Even before the Constitution appeared in September, 1787, Lee stood poised, pen in hand, ready to attack it. A believer in a national government founded on “proper” principles, he joined others who opposed a national government founded on any principles, and together they attempted to weld a united opposition to ratification. The center of this activity was New York. George Clinton, governor of New York and a devout foe of nationalism, likewise was ready with articles denouncing the Constitution before it existed; and Clinton’s printer, Thomas Greenleaf (publisher of the New York Journal and Weekly Advertiser, and printer to the state), printed and distributed Lee’s five Letters from the Federal Farmer as a pamphlet, as he did the writings of many other anti-Federalists.

Lee’s letters were dated October 8–15, 1787. The popularity of this pamphlet—it sold several thousand copies—as well as the momentum the Federalists were achieving, induced Lee to write a new series of essays. The new series, titled the same as the first, consisted of thirteen letters, dated from December 25, 1787, to January 25, 1788. It was not nearly so successful as the first, and it soon fell into obscurity.

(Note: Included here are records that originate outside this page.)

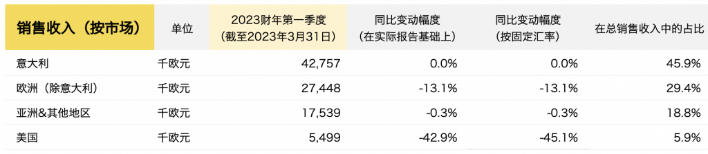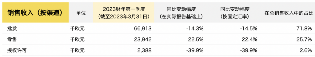 欧洲(除意大利):由于伦敦Moschino精品店闭店翻新,零售渠道下降了11%(翻修工程于2023年3月完成);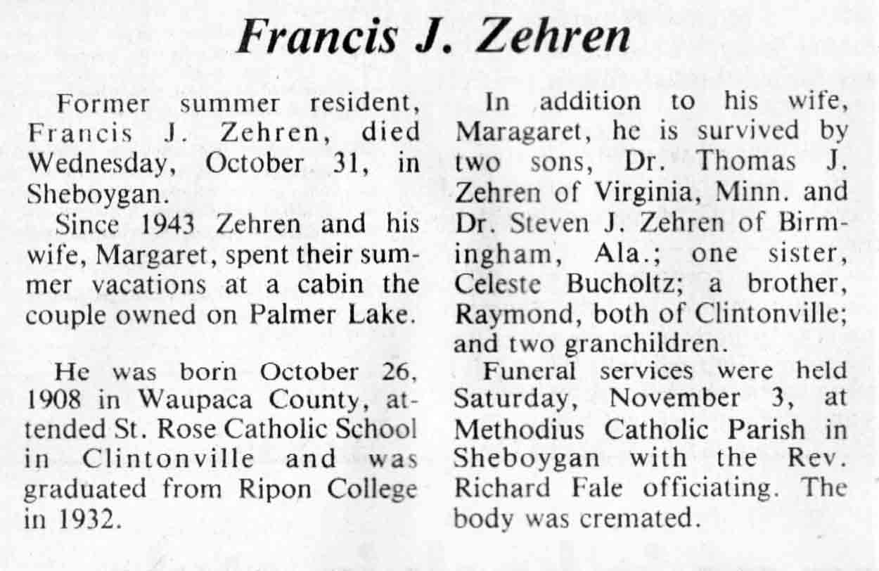 | Zehren | Francis J | 26 Oct 1908 | 31 Oct 1984 | TLN | 14 Nov 1984 | 4 |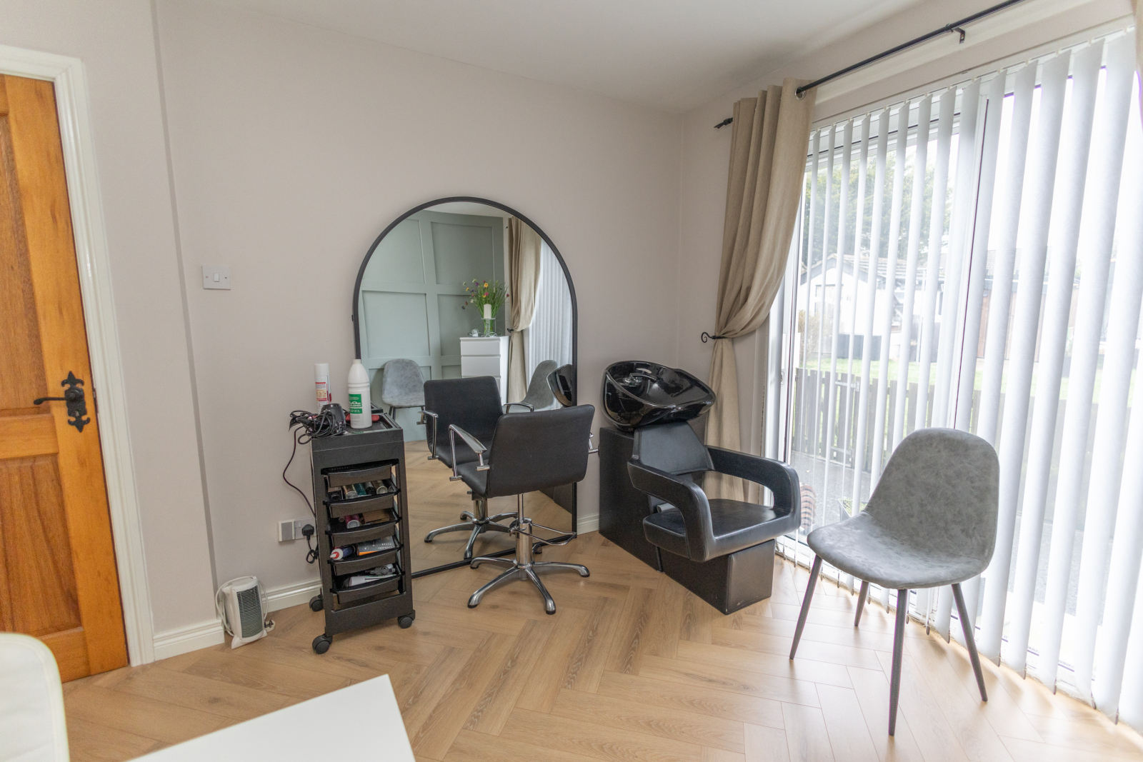 Laminate herringbone flooring with patio doors leading to the rear garden. Single radiator.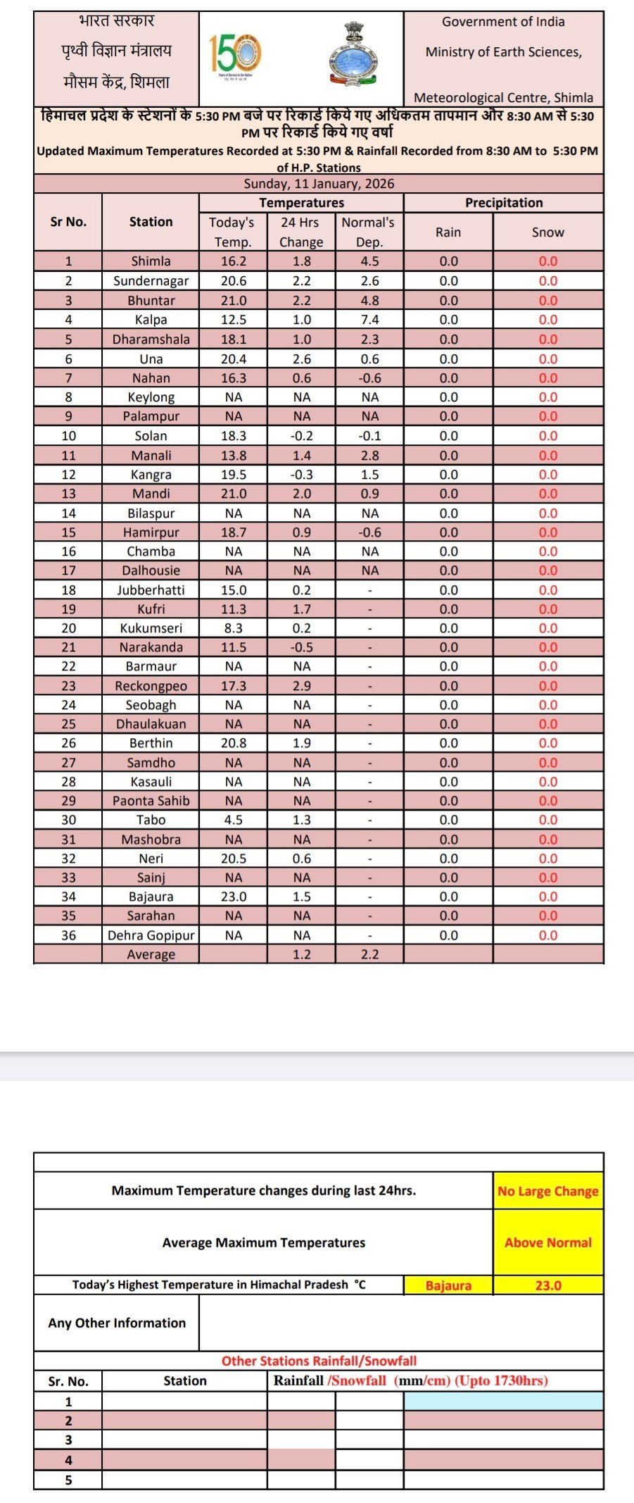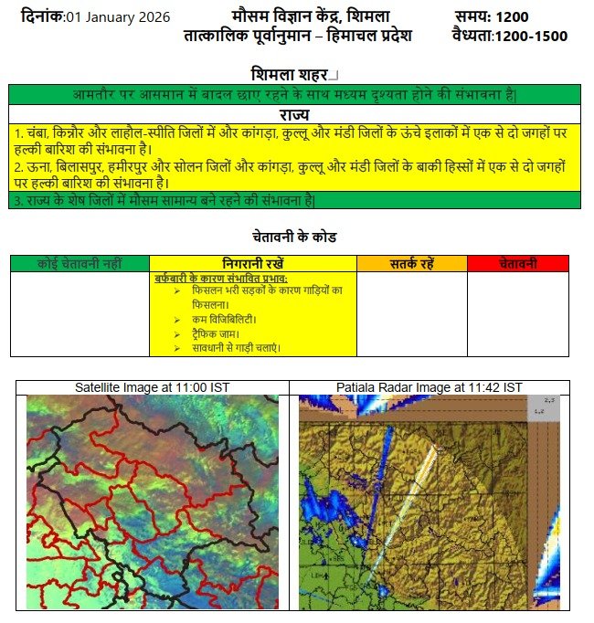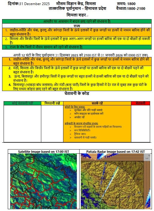 हिमाचल प्रदेश के इन जिलों में आज वर्षा और हिमपात की संभावना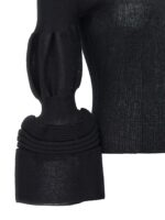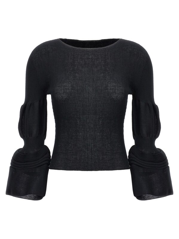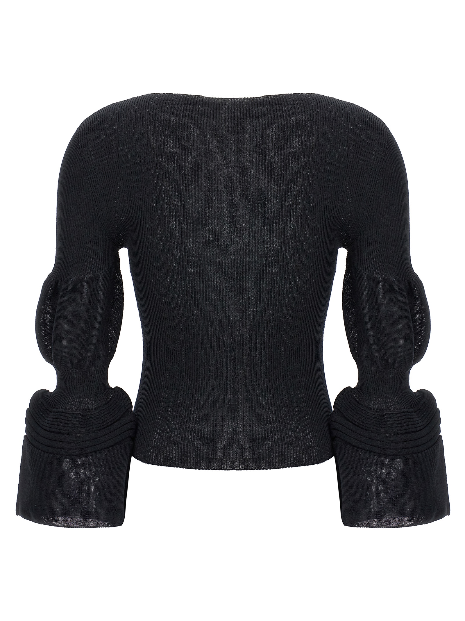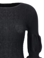 ‘assemblage branch’ ramie blend knit top with long puff sleeves. Round neck. Size and Fit – True to size fit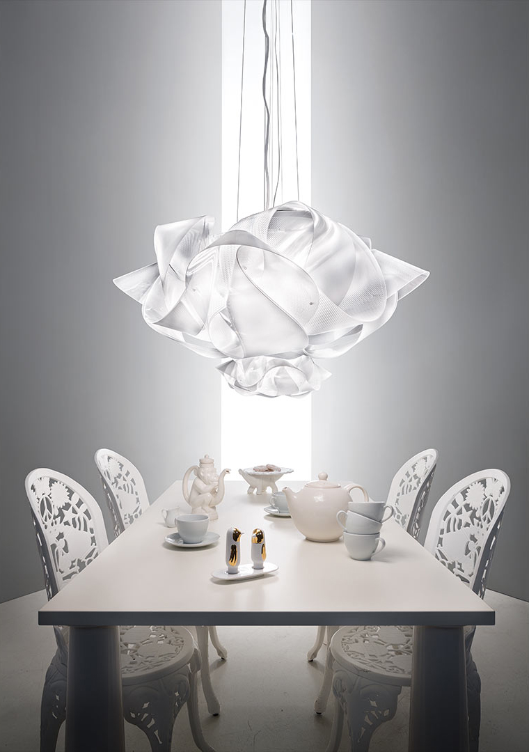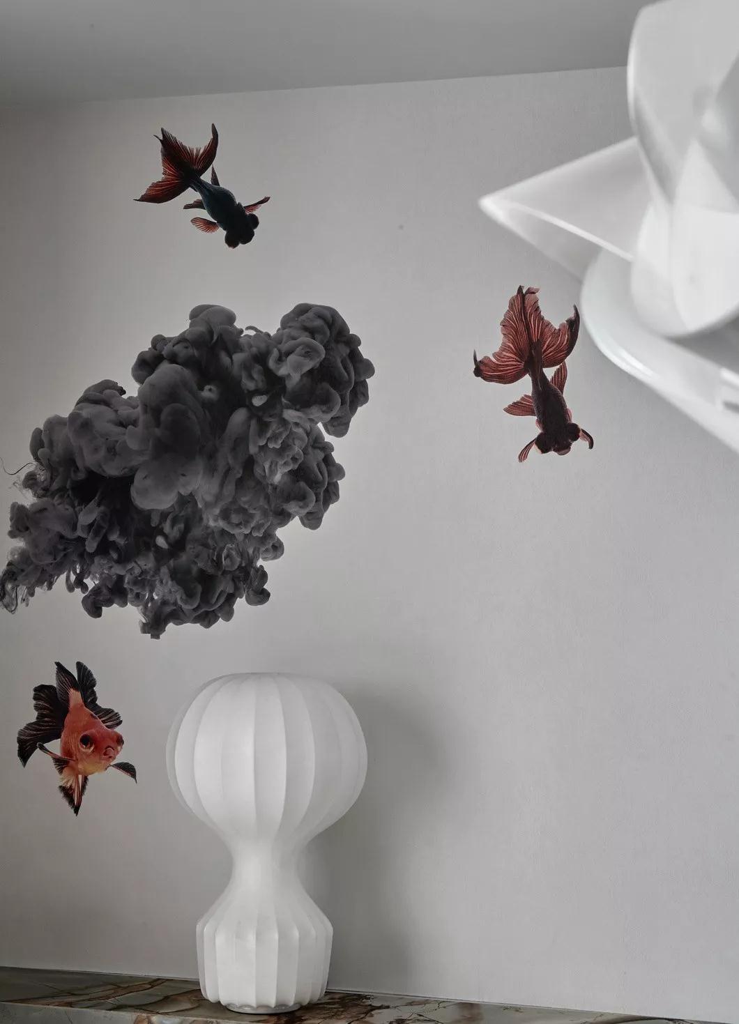 餐廳是家人齊聚時交流談心 共進美食的區(qū)域,男主人對魚情有獨鐘,因此在餐廳墻上游戲著各式各樣的小金魚,而餐廳上方Slamp Fabula 系列的吊燈和魚兒嬉戲的場景相得益彰。

In 1888, during the centennial celebrations of the ratification of the Constitution, Paul Leicester Ford published a book called Pamphlets on the Constitution, in which he republished Lee’s first series of letters. He dismissed the thirteen additional letters as “largely repetitions of the first,” and because Ford’s book has for many years been the only easily available copy of Lee’s work, the second series of letters all but disappeared from memory.

The present editor agrees with Ford’s judgment in the main: letters 8–10, which are concerned largely with representation, letters 11 and 12, concerned with the Senate, letters 13 and 14, concerned with appointive offices, and letter 15, concerned with the judicial branch, are all not only repetitive of Lee’s earlier arguments, but are also extremely verbose and tedious. Letters 6, 7, 16, and 17, on the other hand, are much more interesting, and they all bear directly on the central question in all these essays, balance in the federal system. For that reason these four of the second series are included in this collection.

The texts of both Dickinson’s and Lee’s Letters in the present edition are from first editions in the John Carter Brown Library, Brown University. The Dickinson text has been followed as closely as possible, even to the reproduction of errors. Thus, for example, Dickinson regularly misspelled the name of British statesman George Grenville, rendering it Greenville, and Dickinson’s rendition has been followed here. In a few instances, however, absolute faithfulness to the original would yield absurd or misleading results, and minor modifications have been made. Dickinson’s letters posed additional problems, for he followed the common pre-revolutionary practice of using a variety of typographical effects to achieve emphasis, and it has not always been possible to reproduce this convention with modern type. Inasmuch as no definitive edition of Lee’s Letters exists—the eighteenth-century printings vary widely—the John Carter Brown Library edition has been standardized in terms of spelling, punctuation, and capitalization in order to make the substance more accessible to the modern reader.